I'm trying to run a Python(version 2.7.1') script where I am using pymysql package to create a table into a database from a CSV file.
It runs correctly in my local system ,however, the problem appears when running the same script as a part of a pipeline in Google Cloud Dataflow.
My Python function is the following one:
class charge_to_db(beam.DoFn):
def process(self, element):
import pymysql
with open(element, 'r') as f:
data = f.read().decode("UTF-8")
datalist = []
for line in data.split('\n'):
datalist.append(line.split(','))
db = pymysql.connect(host='IPadress', user='root', password='mypassword', database='stack_model')
cursor = db.cursor()
cursor.execute("DROP TABLE IF EXISTS stack_convergence")

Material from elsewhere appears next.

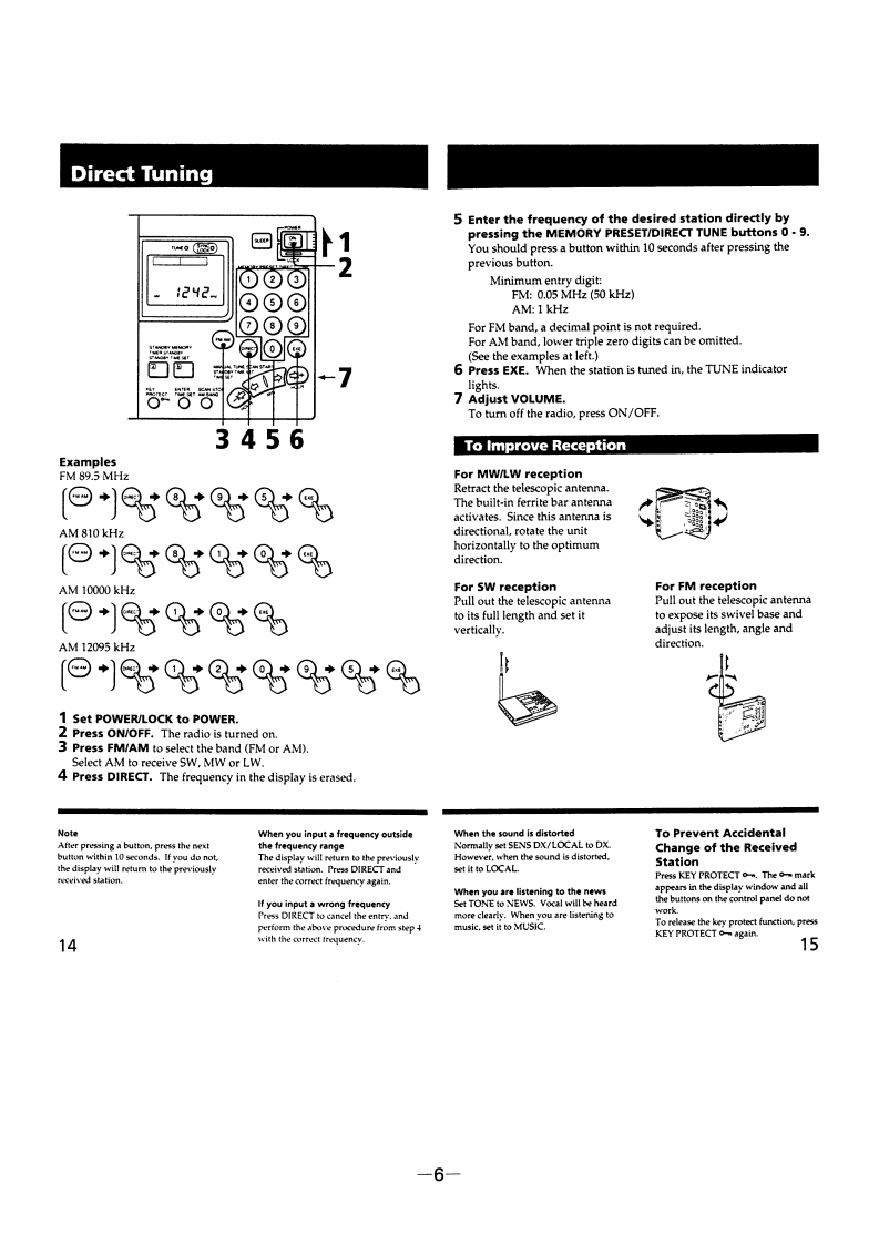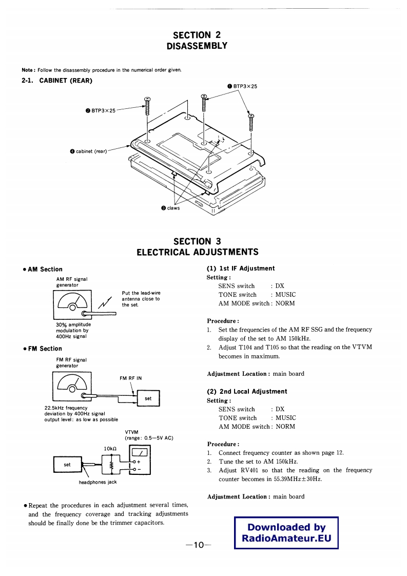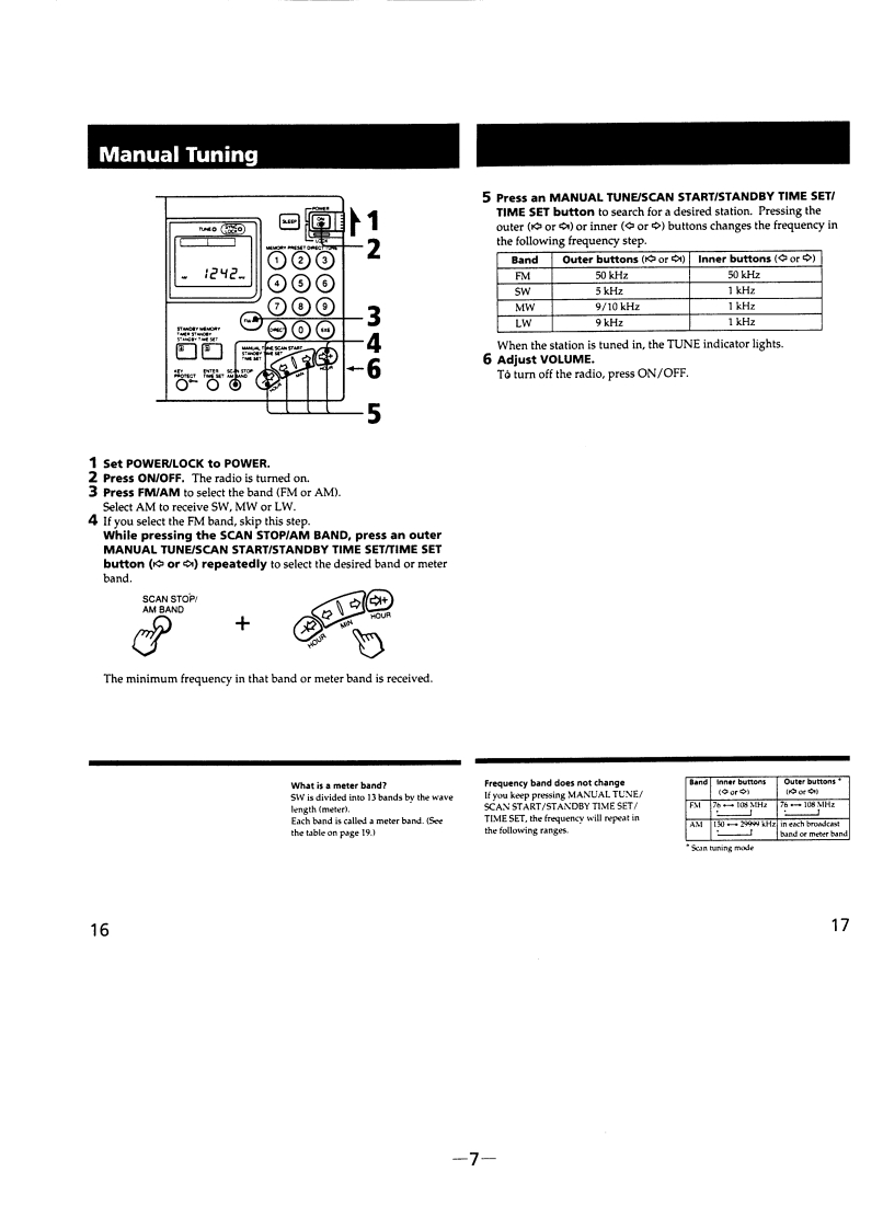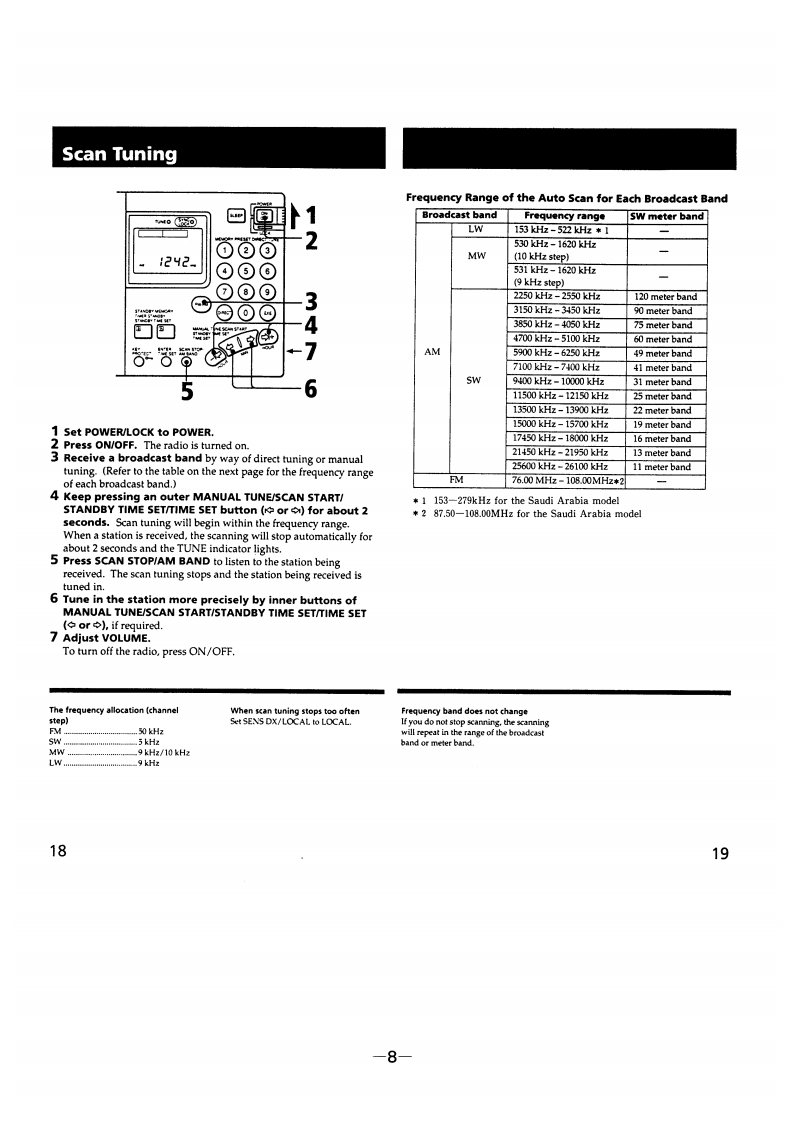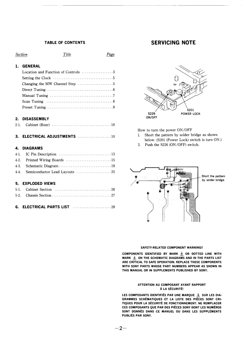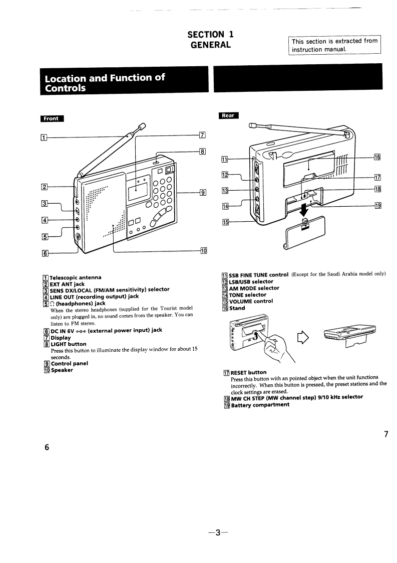 ICF-SW7600GSERVICE MANUALUS ModelCanadian ModelDownloaded byAEPModelRadioAmateur.EUSONYUK ModelE Model880Tourist Model…SPECIFICATIONSFEATURESCircuit systemFMSuperheterodyne.An FM stereo/SW /MW/LW receiver with worldwide band coverSW/MW/LW:Dual conversion superheterodyneage.Frequency rangeBand Saudi Arabia model Other models.Quartz controlled PLL (Phase Locked Loop)synthesizer system usingM875-108.0MHz76.0-108.0MHza microcomputer for easy pinpoint tuning.The tuned frequency isSW1621-26100kHz1621-29999kHzdigitally displayed.MW530-1620kHz530-1620kHzSSB (Single Side Band)can be received (except for the Saudi ArabiaLW 150-285 kHz150-529kH2model only).SpeakerPower outputmt09arankawashmsonic distortion).FM stereo reception for headphones (supplied for the Tourist model only).OutputsRecording output jack (stereo minijack)output level 245 mV (-10 dBs)Direct tuningTuning in the station by inputting the frequency ofoutput impedance 10 kilohm or lessthe station directlyHeadphones jack (stereo minijack)16 ohmsManual tuningEven if you don't know the frequency of the station,Power requirementsSVDCFour R6(size AA)batteriesyou can tune in the station precisely.DC IN 6V jack accepts:Scan tuningAutomatic searching of a stationSony AC-E601 AC power adaptorPreset tuningUp to 20 stations,10 stations each for FM and AM,(supplied for Tourist model only)can be preset for button-touch tuning.Battery lifeUsing Sony SUM-3(NS)batteries:Timer standbyReceiving a desired station at the desired timeFM:approx.15 hours,AM:approx.10 hoursSleep timerTurning the radio off automatically in 60 minutesUsing Sony AM-3(N)alkaline batteries:Power sourcesThree different power sources:internal batteries,F月M:approx.33 hours,house current,car batteriesAM:approx.20 hours(When listening for four hours a day at normal volume)DimensionsApprox.191.2118x 323 mm (w/h/d)75/8x43/4x15/16 inches)MassAn品3g888 indhwlingu。oz)including batterieAccessories suppliedBatteries (4)*1Stereo headphones (1)*1Ear pad (2)1AC power adaptor AC-E601 (1)*1AC plug adaptor (1)*1Compact antenna (1)Antenna connector (1)*1Carrying case (1)Wave handbook (1)2How to catch the wave (1)*1*1 supplied for the Tourist model only*2 not supplied for the Saudi Arabia model onlyFM STEREO/SW/MW/LWDesign and specifications subject to change without notice.PLL SYNTHESIZED RECEIVERMICROFILMSONY

# create columnn names from the first line in fList
up = "upper_bnd"
primal = "primal"
d = "dualit"
gap = "gap_rel"
teta = "teta"
alpha = "alpha"
imba = "imba_avg"
price = "price_avg"
# create STUDENT table // place a comma after each new column except the last
queryCreateConvergenceTable = """CREATE TABLE stack_convergence(
{} float not null,
{} float not null,
{} float not null,
{} float not null,
{} float not null,
{} float not null,
{} float not null,
{} float not null )""".format(up, primal, d, gap, teta, alpha, imba, price)
cursor.execute(queryCreateConvergenceTable)

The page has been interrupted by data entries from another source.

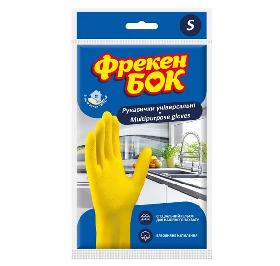 Рукавички універсальні гумові (S) суперчутливі (1пара в уп.), жовті/фіолетові, ФРЕКЕН БОК
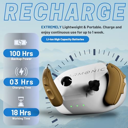 [Fast & Recycle Charging] 3 hours for a full charge, then can be used for 20+ hours. The charging case can recharge both units additional 3 times, with 72 hours of backup power. No need to buy batteries, no need to recharge every day. Let the fast charge and several year long lasting Li-ion batteries replace older battery technology.
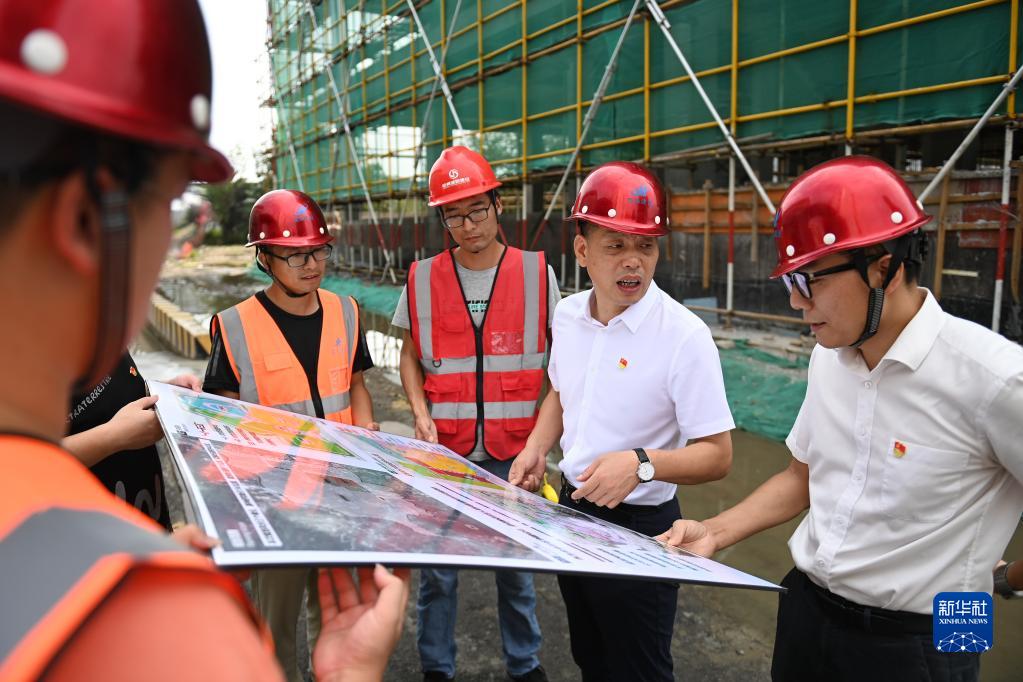 在浙江省宁波市奉化区萧王庙街道滕头村,二十大代表、滕头村党委书记、村委会主任傅平均(右二)在村党群服务中心大楼建设工地察看施工进展(2022年9月16日摄)。
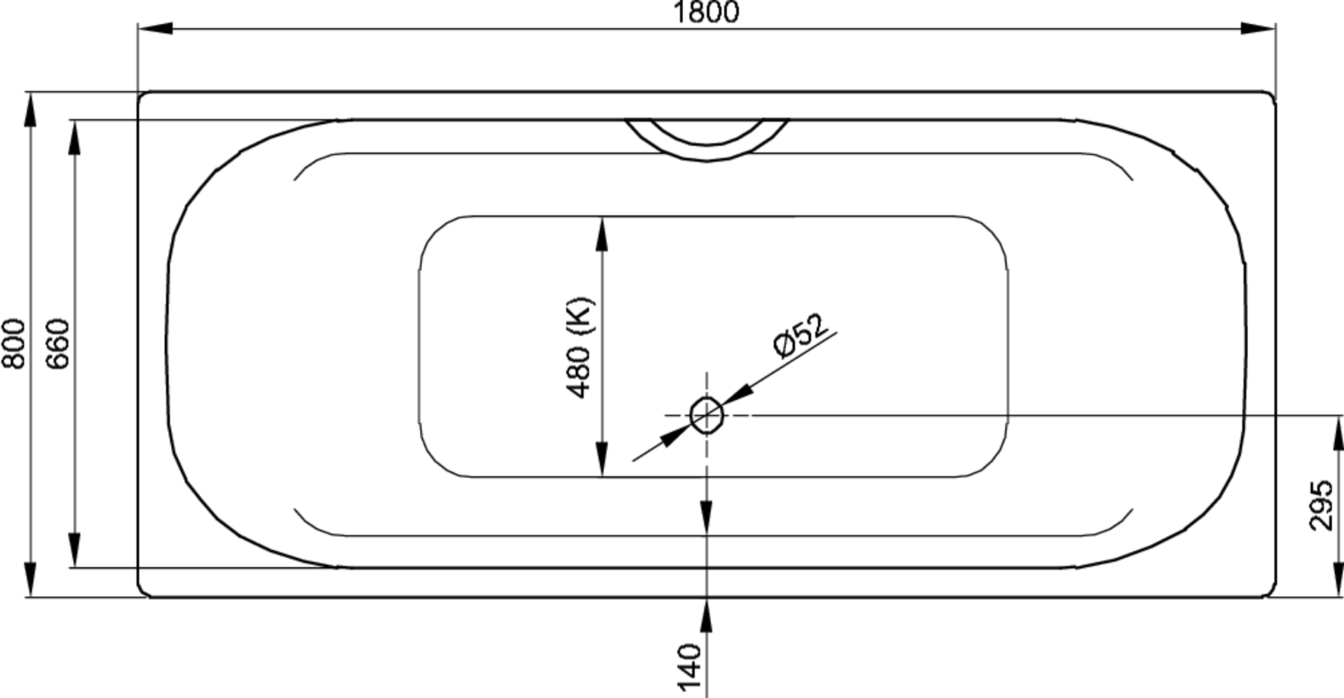 Dimensions: 1800 x 800 x 420 / 1280 mm Weight: 50,1 kg Capacity*: 143 l Edge height: 30 mm Corner radius: 10 mm Drain Diameter: 52 mm Lying Dimension: 1280 mm Scope of delivery: Including noise-reducing sound-dampening pads. Technical advice: If an overflow filling waste is being used, water may hit the internal ledge. For professional installation we recommend the use of the original bath feet B23-1500. If the bath is to be fitted under a panel, please contact us for individual cut-out details.
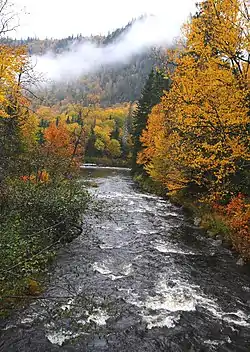 The Rivière Cachée is a tributary of the Jacques-Cartier River, flowing in the administrative region of Capitale-Nationale, in Quebec, Canada.[2] The course of the river crosses the unorganized territory of Lac-Jacques-Cartier in the La Côte-de-Beaupré Regional County Municipality, as well as the township municipality unis de Stoneham-et-Tewkesbury, located in the MRC La Jacques-Cartier Regional County Municipality.
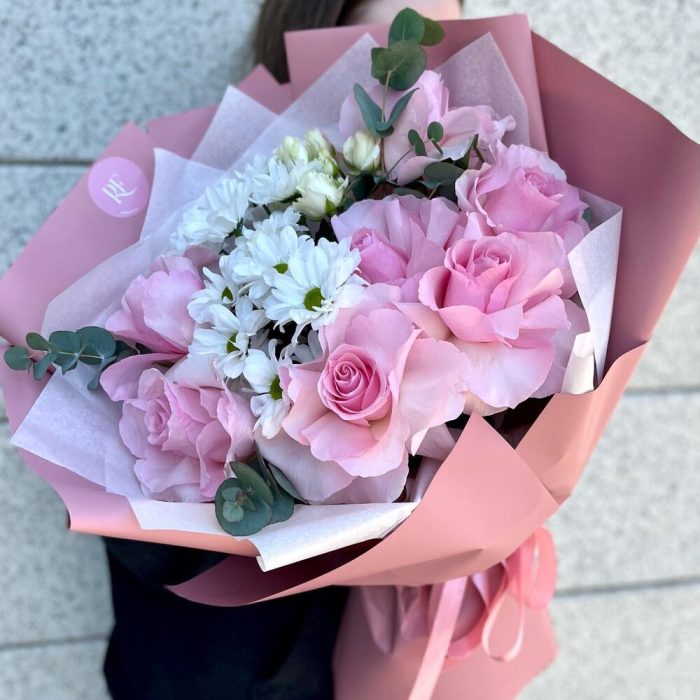 Гвоздики, Кустовые розы, Пионовидные розы, Розы

When running this function in the cloud I'm obtaining the following error:
RuntimeError: OperationalError: (2003, 'Can\'t connect to MySQL server on \'35.195.1.40\' (110 "Connection timed out")')
I don't know why this error is occurring because it runs correctly in local system, so from the local system I have acces to my cloud SQL instance, but not from the dataflow in the cloud.
Why is this error occurring?